15
votes

I'm trying to switch from reading csv flat files to avro files on spark. following https://github.com/databricks/spark-avro I use:

import com.databricks.spark.avro._
val sqlContext = new org.apache.spark.sql.SQLContext(sc)
val df = sqlContext.read.avro("gs://logs.xyz.com/raw/2016/04/20/div1/div2/2016-04-20-08-28-35.UTC.blah-blah.avro")

and get

java.lang.UnsupportedOperationException: This mix of union types is not supported (see README): ArrayBuffer(STRING)

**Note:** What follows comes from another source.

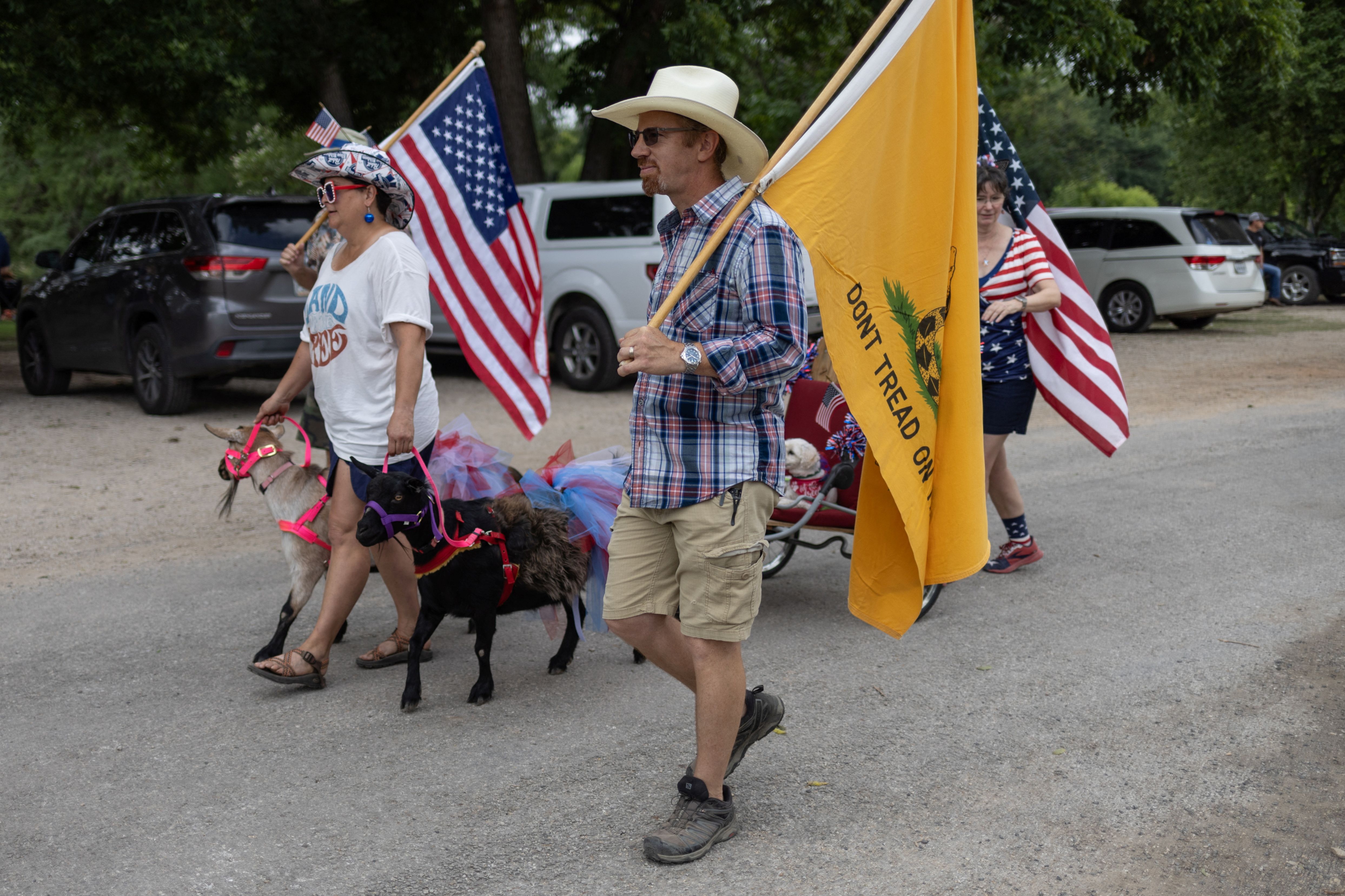 Steve Baine carries the Gadsden flag as wife Jennifer Baine leads her three-year-old Nigora goats Pancake and Patti at the 28th annual Pet Parade during Fourth of July Independence Day celebrations in Bandera, Texas on July 4, 2024. (Photo by Adrees Latif/Reuters)

the readme file states clearly:

This library supports reading all Avro types, with the exception of complex union types. It uses the following mapping from Avro types to Spark SQL types:

when i try to textread the same file I can see the schema

val df = sc.textFile("gs://logs.xyz.com/raw/2016/04/20/div1/div2/2016-04-20-08-28-35.UTC.blah-blah.avro")
df.take(2).foreach(println)

{"name":"log_record","type":"record","fields":[{"name":"request","type":{"type":"record","name":"request_data","fields":[{"name":"datetime","type":"string"},{"name":"ip","type":"string"},{"name":"host","type":"string"},{"name":"uri","type":"string"},{"name":"request_uri","type":"string"},{"name":"referer","type":"string"},{"name":"useragent","type":"string"}]}}

<------- an excerpt of the full reply ------->

since I have little control on the format I'm getting these files in, my question here is - is there a workaround someone tested and can recommend?

I use gc dataproc with

MASTER=yarn-cluster spark-shell --num-executors 4 --executor-memory 4G --executor-cores 4 --packages com.databricks:spark-avro_2.10:2.0.1,com.databricks:spark-csv_2.11:1.3.0

any help would be greatly appreciated.....

1
you can use newHadoopApi for reading avro files - you'll need to use core api of spark and not sql-api. any special reason not to use it?Igor Berman

1 Answers

3
votes

You won't find any solution that works with Spark SQL. Every column in Spark has to contain values which can be represented as a single DataType so complex union types are simply not representable with Spark Dataframe.

If you want to read data like this you should use RDD API and convert loaded data to DataFrame later.